Life cycle assessment of selective-laser-melting-produced hydraulic valve body with integrated design and manufacturing optimization: A cradle-to-gate study

Abstract

Selective laser melting (SLM), a relatively advanced additive manufacturing (AM) technique, enables high design flexibility and manufacturing complexity; therefore, it can facilitate improvement in the environmental performance of a complex component throughout its life cycle. However, existing studies have been unable to conclusively determine whether the environmental impacts of parts produced via AM are lower than those of conventionally manufactured parts. Moreover, few studies have investigated industrially applicable parts with complex inner shapes fabricated via SLM whilst simultaneously considering the design and manufacturing optimization involved thereof.

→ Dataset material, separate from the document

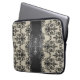 Tan black laptop sleeves. Black damask laptop sleeve. Tan black damask laptop covers. Jewel laptop covers. Jewel laptop sleeves. Elegant laptop sleeves. Elegant laptop covers. Personalized damask laptop covers. Damask laptop covers. 13 in laptop covers.
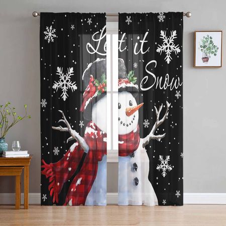 Рождественские зимние шторы со снеговиками и снежинками для гостиной, спальни, украшения дома, оконные вуали, тюль, занавески, драпировки W135 x H114cm

In this study, an industrial hydraulic valve body was investigated in consideration of the part design, material preparation, and part fabrication with respect to their influence on the life-cycle impacts of SLM and conventional manufacturing (CM). The part was first re-designed to achieve a lightweight structure and optimized process parameters. Subsequently, an optimized and a non-optimized sample part were fabricated via SLM. A cradle-to-gate study of this part was conducted, involving a comparison employing life cycle assessment (LCA) for the case of CM. The life-cycle inventory data were obtained from the relevant enterprise, literature, databases, and our experiments. According to our results, the environmental impact of SLM without optimization was 37.42% lower than that of CM with respect to a hydraulic valve body, and the SLM-optimized design can lead to a 10–23% reduction in environmental impacts. Of all the life-cycle stages, the powder preparation stage was observed to exert the highest impact per part. Moreover, the electricity requirement for SLM is the main reason for environmental damage. With the optimization of the valve body design, the proportion of environmental impact caused by SLM processing increases. This indicates that when a part has a high lightweight potential, the SLM process will have a more significant cradle-to-gate environmental impact. In this case, manufacturing optimization will play a more important role. The results can be used to guide AM practitioners to improve the life-cycle environmental performance of AM-fabricated industrial parts through integrated design and manufacturing optimization.